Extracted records
◇ ◇ ◇ ◇ ◇ ◇ ◇

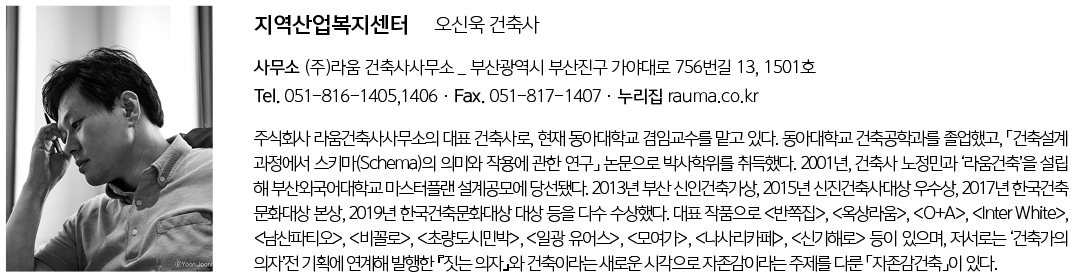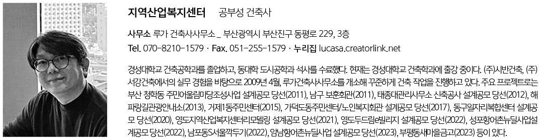 | 지역산업복지센터 설계자 | 오신욱 _ (주)라움 건축사사무소, 공부성_ 루가 건축사사무소 건축주 | 부산광역시 감리자 | 건축사사무소 한가람 시공사 | 용신종합건설(주) 설계팀 | 라움 _ 노정민, 안신, 천지연, 최유진, 김예나, 고은지 루가 _ 윤수호, 김무준, 정유석, 정승재, 김현정 설계의도 구현 | (주)라움 건축사사무소, 루가 건축사사무소 대지위치 | 부산광역시 영도구 대평동 1가 80 외 2필지 주요용도 | 업무시설, 근린생활시설(휴게음식점) 대지면적 | 2,173.90㎡ 건축면적 | 1,255.05㎡ 연면적 | 3,792.28㎡ 건폐율 | 57.73% 용적률 | 165.77% 규모 | B1F - 5F 구조 | 철근콘크리트구조, 철골구조 외부마감재 | 라임스톤, 큐블럭, 스타코 내부마감재 | 고흥석버너구이, 수성페인트, 합성목재데크 설계기간 | 2021. 06 - 2021. 12 공사기간 | 2021. 12 - 2023. 01 사진 | 윤준환 구조분야 | 조은구조이앤씨(주) 기계설비분야 | (주)신흥이앤지 전기통신·소방분야 | (주)여명기술단 |
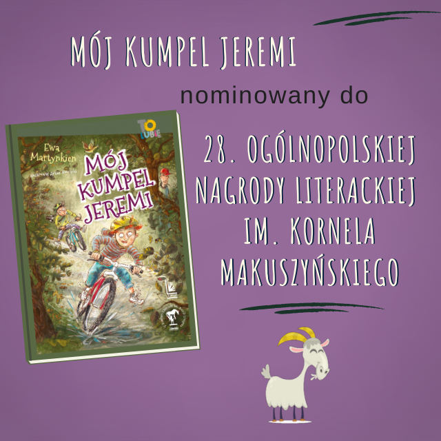 Powieść Mój kumpel Jeremi od Wydawnictwo Literatura z pięknymi ilustracjami Artura Nowickiego znalazła się wśród nominowanych książek w jubileuszowym plebiscycie ZŁOTA DWUDZIESTKA Fundacji ABCXXI – Cała Polska Czyta Dzieciom. To olbrzymie wyróżnienie, za które bardzo dziękuję. Fundacja od 2001 roku wspiera i upowszechnia czytelnictwo wśród dzieci i młodzieży. Tym bardziej cieszę się, że powieść „Mój kumpel Jeremi znalazła swoje miejsce wśród wyróżnionych książek. Możecie oddać na nią głos, co niezmiernie by mnie ucieszyło 😊
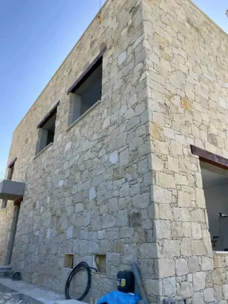 Fachada de piedra natural para exterior. Ideal para construcciones rústicas o modernas. - Piedra caliza de tonos beige y grises. - Acabado irregular y texturizado. - Resistente a la intemperie.
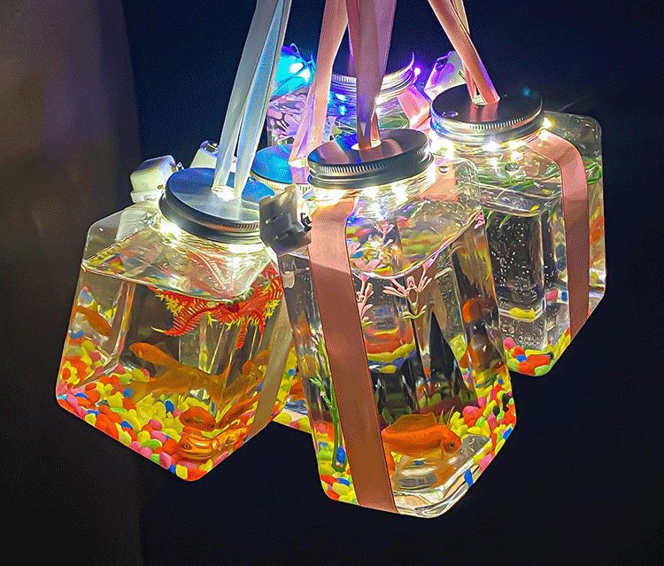 싱지 인터넷 연예인 통조림 물고기 가판대 빛나는 크리스탈 도매 버블 물고기 병 수생 식물 다채로운 돌 램프 재료 패키지 야시장
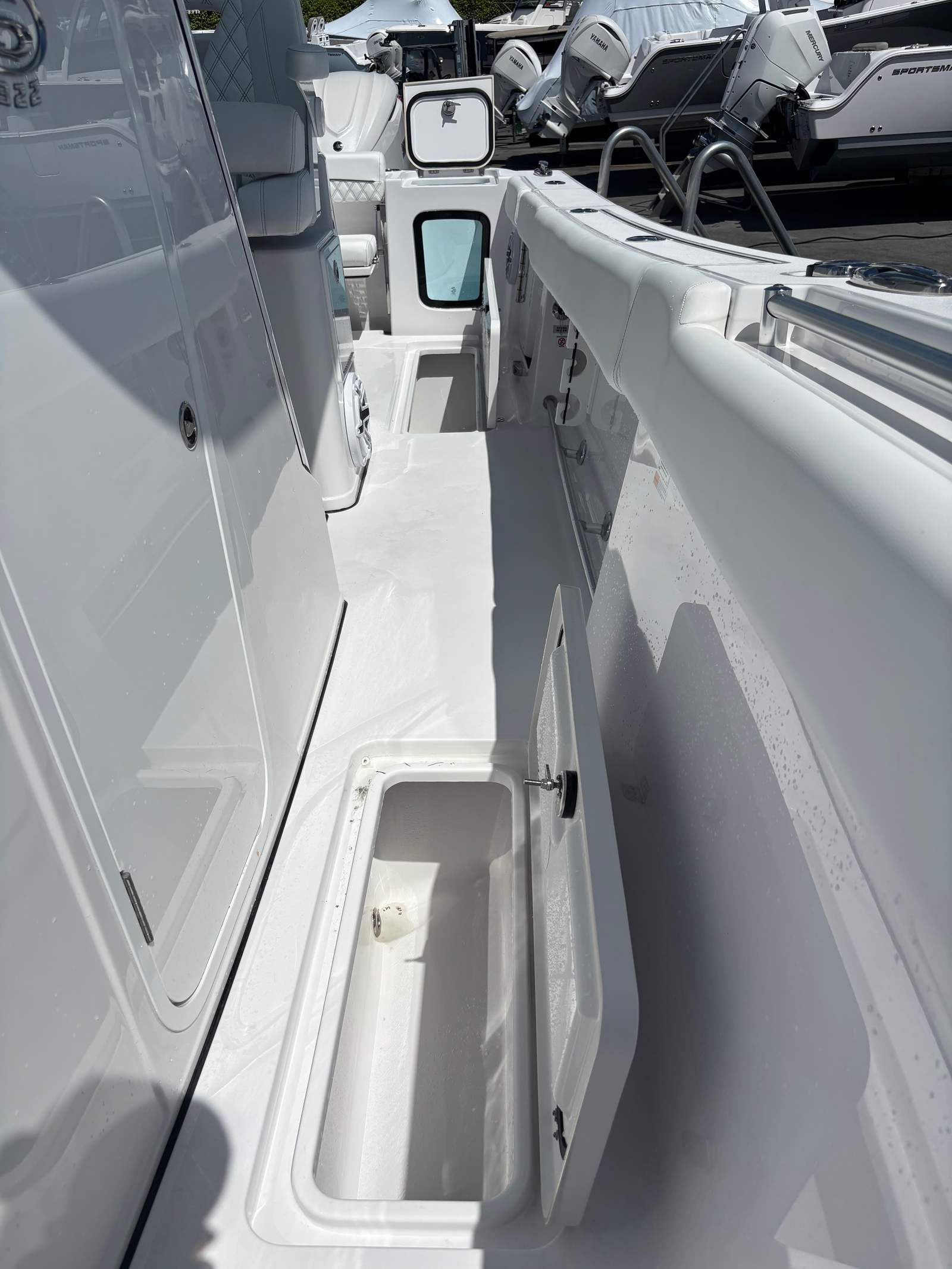 At the heart of the Sportsman Open 322 are twin Yamaha F350XSA2 engines, delivering a combined 700 horsepower. This powerful setup ensures exhilarating acceleration, impressive top speeds, and the confidence to tackle a variety of water conditions. Whether you are cruising along the coastline or heading offshore for a day of fishing, the Open 322’s performance is both thrilling and dependable. The Yamaha Helm Master EX system, complete with autopilot, provides precise control and effortless maneuvering, making docking and navigation a breeze. With this level of power and technology, you can expect a responsive and enjoyable ride every time you hit the water.

◇ ◇ ◇ ◇ ◇ ◇ ◇

__Instructions to follow__
Give back all the data exactly, minus pictures.

__Result for this task__
 | 지역산업복지센터 설계자 | 오신욱 _ (주)라움 건축사사무소, 공부성_ 루가 건축사사무소 건축주 | 부산광역시 감리자 | 건축사사무소 한가람 시공사 | 용신종합건설(주) 설계팀 | 라움 _ 노정민, 안신, 천지연, 최유진, 김예나, 고은지 루가 _ 윤수호, 김무준, 정유석, 정승재, 김현정 설계의도 구현 | (주)라움 건축사사무소, 루가 건축사사무소 대지위치 | 부산광역시 영도구 대평동 1가 80 외 2필지 주요용도 | 업무시설, 근린생활시설(휴게음식점) 대지면적 | 2,173.90㎡ 건축면적 | 1,255.05㎡ 연면적 | 3,792.28㎡ 건폐율 | 57.73% 용적률 | 165.77% 규모 | B1F - 5F 구조 | 철근콘크리트구조, 철골구조 외부마감재 | 라임스톤, 큐블럭, 스타코 내부마감재 | 고흥석버너구이, 수성페인트, 합성목재데크 설계기간 | 2021. 06 - 2021. 12 공사기간 | 2021. 12 - 2023. 01 사진 | 윤준환 구조분야 | 조은구조이앤씨(주) 기계설비분야 | (주)신흥이앤지 전기통신·소방분야 | (주)여명기술단 |
 Powieść Mój kumpel Jeremi od Wydawnictwo Literatura z pięknymi ilustracjami Artura Nowickiego znalazła się wśród nominowanych książek w jubileuszowym plebiscycie ZŁOTA DWUDZIESTKA Fundacji ABCXXI – Cała Polska Czyta Dzieciom. To olbrzymie wyróżnienie, za które bardzo dziękuję. Fundacja od 2001 roku wspiera i upowszechnia czytelnictwo wśród dzieci i młodzieży. Tym bardziej cieszę się, że powieść „Mój kumpel Jeremi znalazła swoje miejsce wśród wyróżnionych książek. Możecie oddać na nią głos, co niezmiernie by mnie ucieszyło 😊
 Fachada de piedra natural para exterior. Ideal para construcciones rústicas o modernas. - Piedra caliza de tonos beige y grises. - Acabado irregular y texturizado. - Resistente a la intemperie.
 싱지 인터넷 연예인 통조림 물고기 가판대 빛나는 크리스탈 도매 버블 물고기 병 수생 식물 다채로운 돌 램프 재료 패키지 야시장
 At the heart of the Sportsman Open 322 are twin Yamaha F350XSA2 engines, delivering a combined 700 horsepower. This powerful setup ensures exhilarating acceleration, impressive top speeds, and the confidence to tackle a variety of water conditions. Whether you are cruising along the coastline or heading offshore for a day of fishing, the Open 322’s performance is both thrilling and dependable. The Yamaha Helm Master EX system, complete with autopilot, provides precise control and effortless maneuvering, making docking and navigation a breeze. With this level of power and technology, you can expect a responsive and enjoyable ride every time you hit the water.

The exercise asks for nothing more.